致病性细菌污染是对安全,人类健康和生态系统的主要威胁。在此,我们报告了一种使用单一抗体的有利的单步,免洗和实时细菌检测平台。大肠杆菌被检测为模型分析物。该技术基于涂有氧化石墨烯的微孔板(GOM)和光致发光生物探针(PLB)。一方面,使用非辐射能量转移,GOM被认为可以使那些不通过抗体-细菌膜亲和力进行免疫反应的PLB的光致发光失活。另一方面,那些实验免疫反应的PLB保留了其光致发光,这是因为(i)复合物(PLBs-细菌)与GOM之间的距离以及(ii)同一复合物与GOM之间的亲和力低。最佳的分析性能约为30分钟,结果证明了所得的细菌检测平台快速且高度灵敏,检测极限为2 CFU mL –1。还以适合高通量应用的广泛使用格式成功分析了工业真实样品。此外,由于氧化石墨烯能够淬灭不同的荧光团,因此所提出的技术具有很高的转化性,并且只需更改特定抗体即可检测其他分析物。
更新日期:2020-09-01
中文翻译:
基于氧化石墨烯微孔板的实时光致发光生物传感:快速病原体检测平台。
致病性细菌污染是对安全,人类健康和生态系统的主要威胁。在此,我们报告了一种使用单一抗体的有利的单步,免洗和实时细菌检测平台。大肠杆菌被检测为模型分析物。该技术基于涂有氧化石墨烯的微孔板(GOM)和光致发光生物探针(PLB)。一方面,使用非辐射能量转移,GOM被认为可以使那些不通过抗体-细菌膜亲和力进行免疫反应的PLB的光致发光失活。另一方面,那些实验免疫反应的PLB保留了其光致发光,这是因为(i)复合物(PLBs-细菌)与GOM之间的距离以及(ii)同一复合物与GOM之间的亲和力低。

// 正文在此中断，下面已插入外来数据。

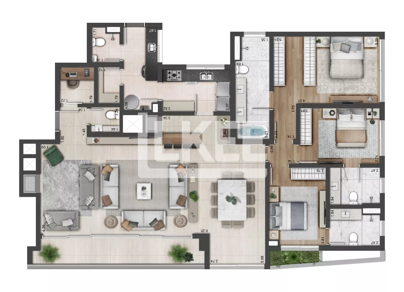 LKEE Vendas | Apartamento com 3 suítes, 187 m², 1 vaga, com lareira e churrasqueira no bairro Jardim Europa em Porto Alegre/RS Brasil.

最佳的分析性能约为30分钟,结果证明了所得的细菌检测平台快速且高度灵敏,检测极限为2 CFU mL –1。还以适合高通量应用的广泛使用格式成功分析了工业真实样品。此外,由于氧化石墨烯能够淬灭不同的荧光团,因此所提出的技术具有很高的转化性,并且只需更改特定抗体即可检测其他分析物。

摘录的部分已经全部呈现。